I have the following airflow code which basically reads the tables from MySql DB into Google Cloud Storage and then to Google Big Query.
I have included the connection details along with the service accounts for both MySQL and GCP in the admin tab of the airflow.
extract = MySqlToGoogleCloudStorageOperator(
task_id='extract_actors',
mysql_conn_id='factset_test',
google_cloud_storage_conn_id='gcp_test',
sql='SELECT * FROM mysql.time_zone',
bucket='airflow_1',
filename='actors/actors{}.json',
schema_filename='schemas/actors.json',
dag=dag)
load = GoogleCloudStorageToBigQueryOperator(
task_id="load_bq_time_zone",
bigquery_conn_id='gcp_test',
google_cloud_storage_conn_id='gcp_test',
bucket='airflow_1',
destination_project_dataset_table="airflow.mysql_time_zone",
source_objects='actors/actors0.json',
schema_object='schemas/actors.json',
source_format='NEWLINE_DELIMITED_JSON',
create_disposition='CREATE_IF_NEEDED',
write_disposition='WRITE_TRUNCATE',
dag=dag)
I see that table time_zone from MySql db is getting copied to the cloud storage bucket airflow_1. But when the airflow is trying to copy the data from cloud storage to BigQuery it is complaining that it is not able to find the cloud storage bucket.

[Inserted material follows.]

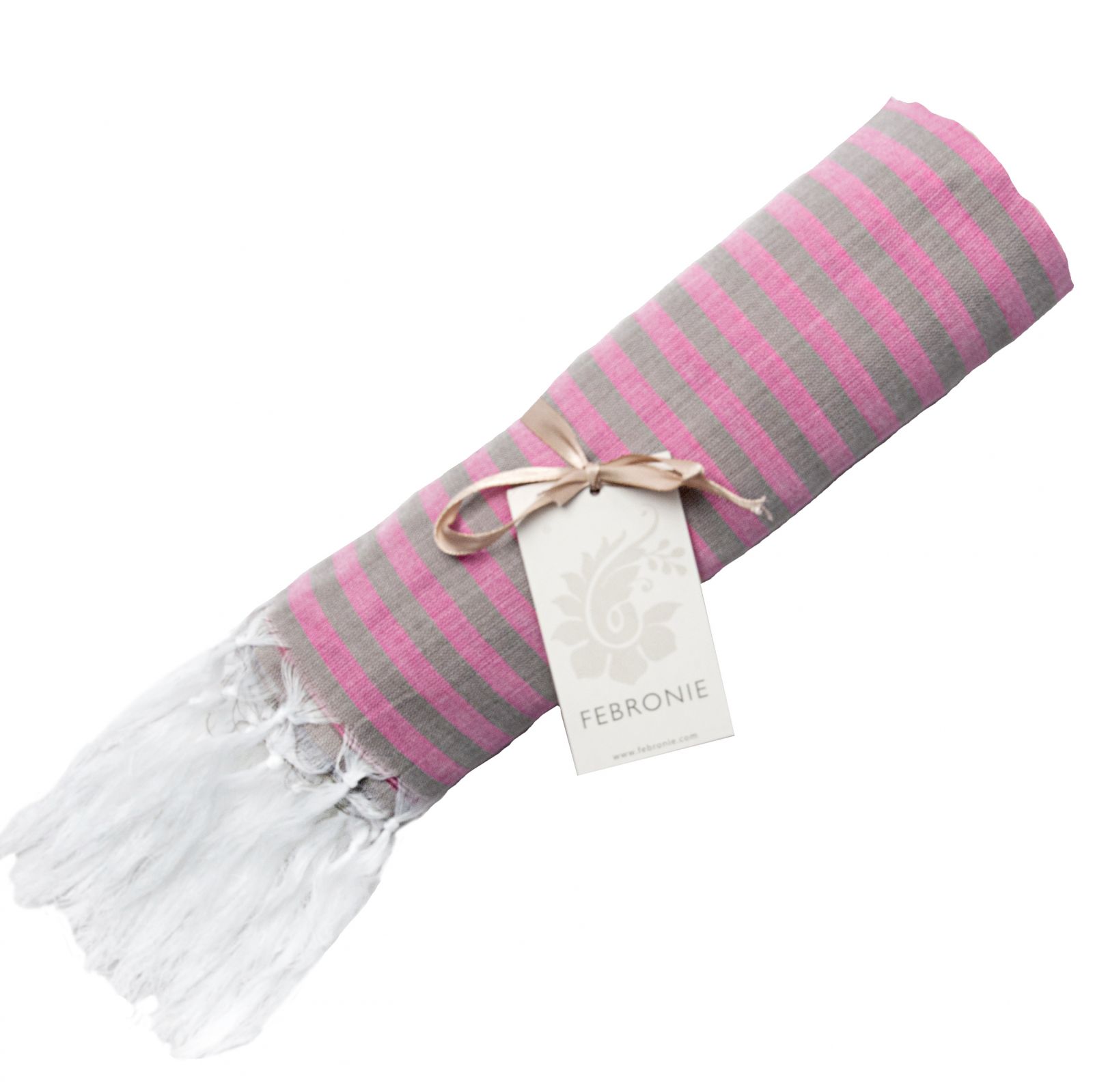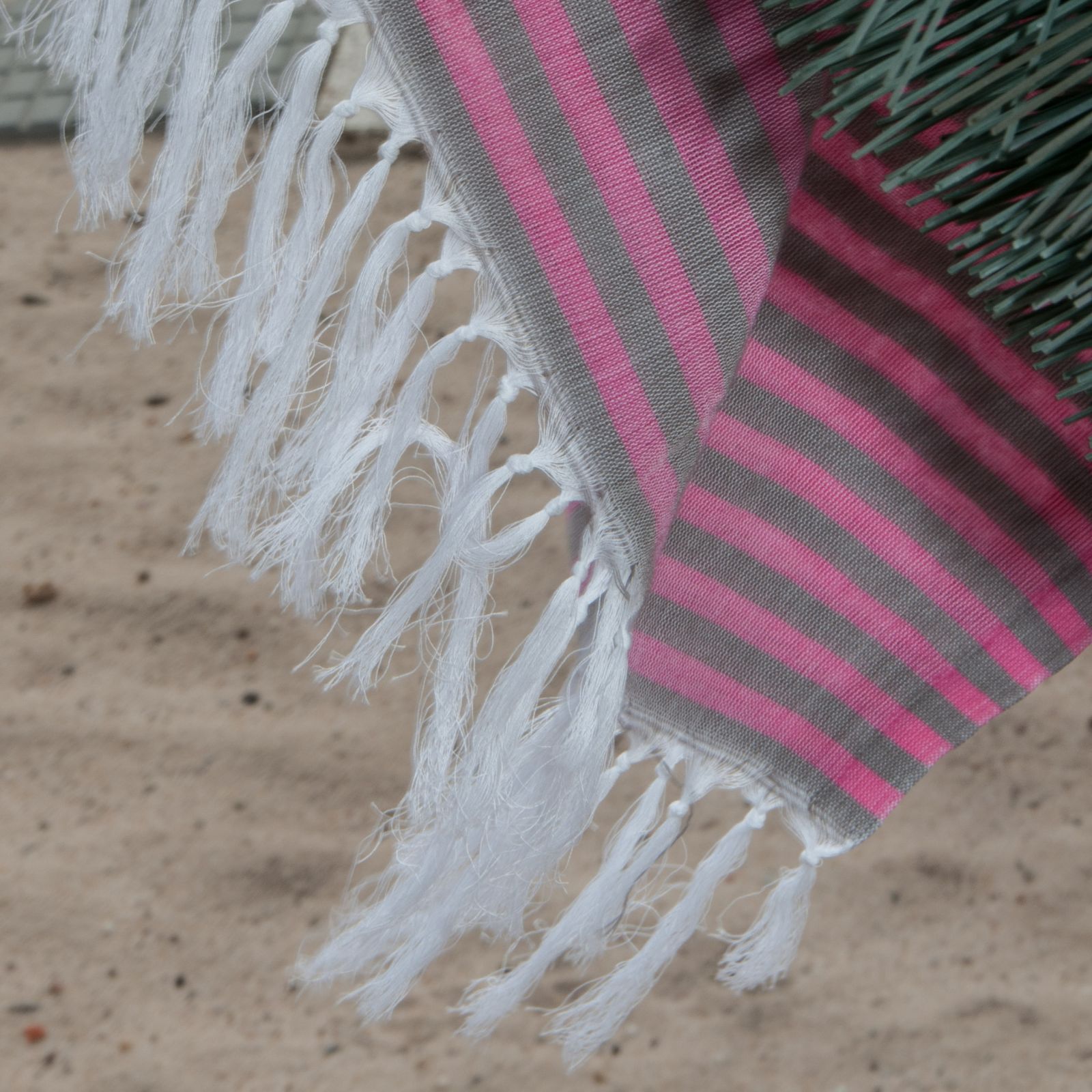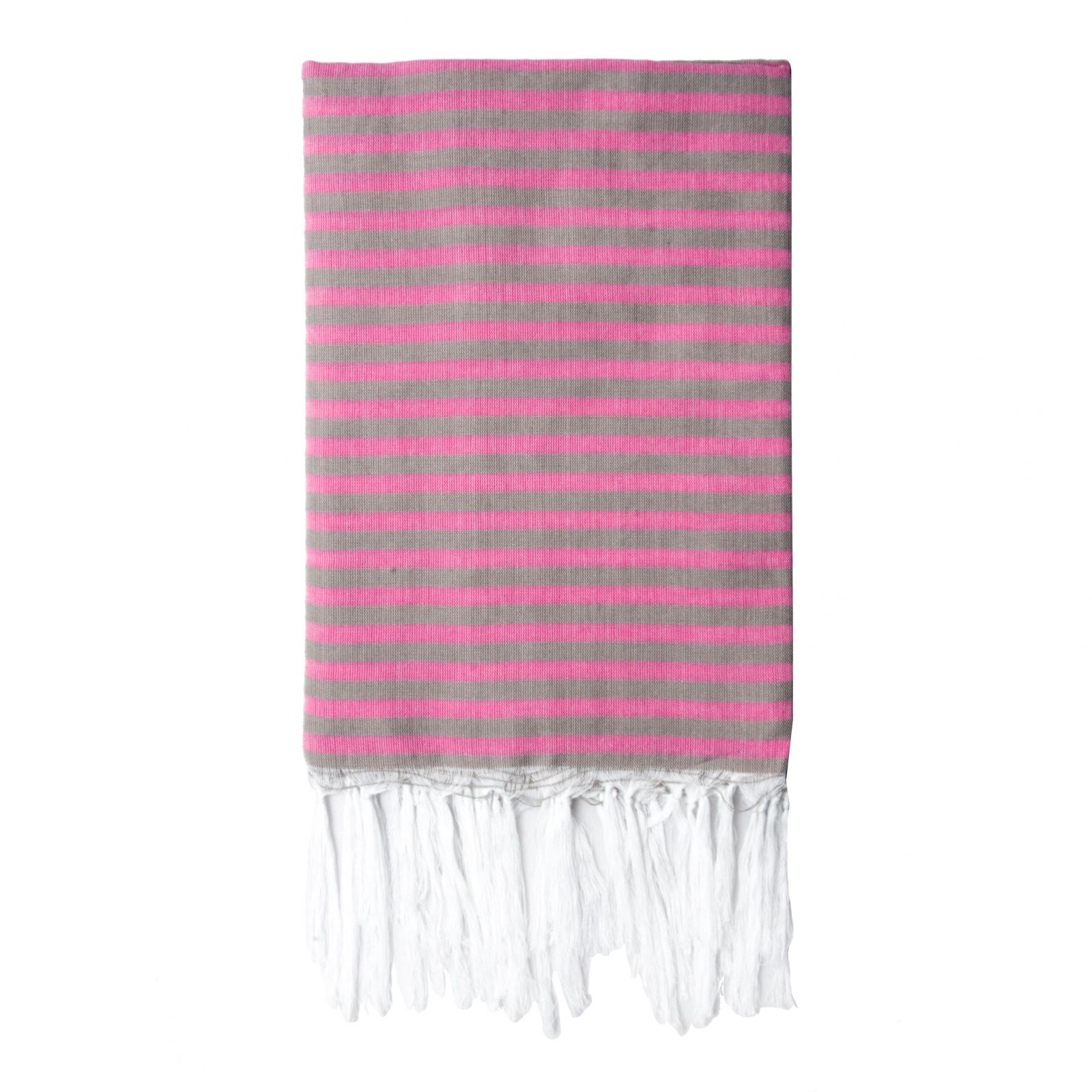 Fouta Bora Bora - Light Taupe / Fuschia Pink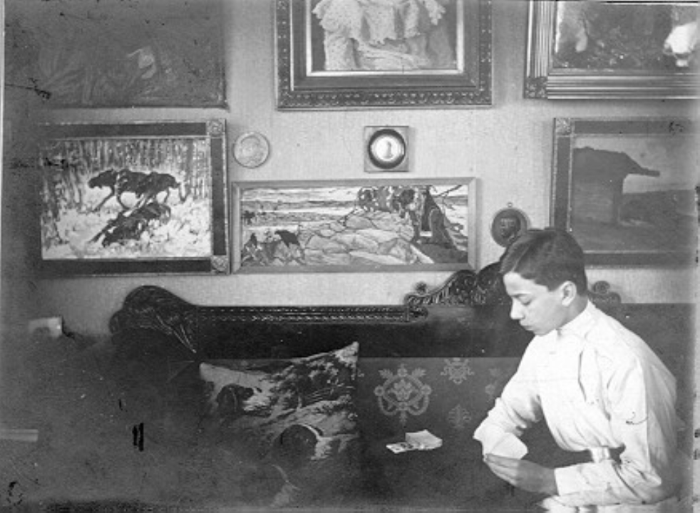 Портрет В.Е.Опочинина подростком за игрой в карты в гостиной в Максимовском

Following are the log details:
[2018-03-12 02:16:59,031] {models.py:167} INFO - Filling up the DagBag from /airflow/dags/mysql_to_gcs.py
[2018-03-12 02:16:59,601] {base_task_runner.py:112} INFO - Running: ['bash', '-c', u'airflow run mysql_to_gcs load_bq_time_zone 2018-03-12T02:16:48.974591 --job_id 465 --raw -sd DAGS_FOLDER/mysql_to_gcs.py']
[2018-03-12 02:16:59,822] {base_task_runner.py:95} INFO - Subtask: /usr/local/lib/python2.7/dist-packages/psycopg2/__init__.py:144: UserWarning: The psycopg2 wheel package will be renamed from release 2.8; in order to keep installing from binary please use "pip install psycopg2-binary" instead. For details see: <http://initd.org/psycopg/docs/install.html#binary-install-from-pypi>.
[2018-03-12 02:16:59,822] {base_task_runner.py:95} INFO - Subtask: """)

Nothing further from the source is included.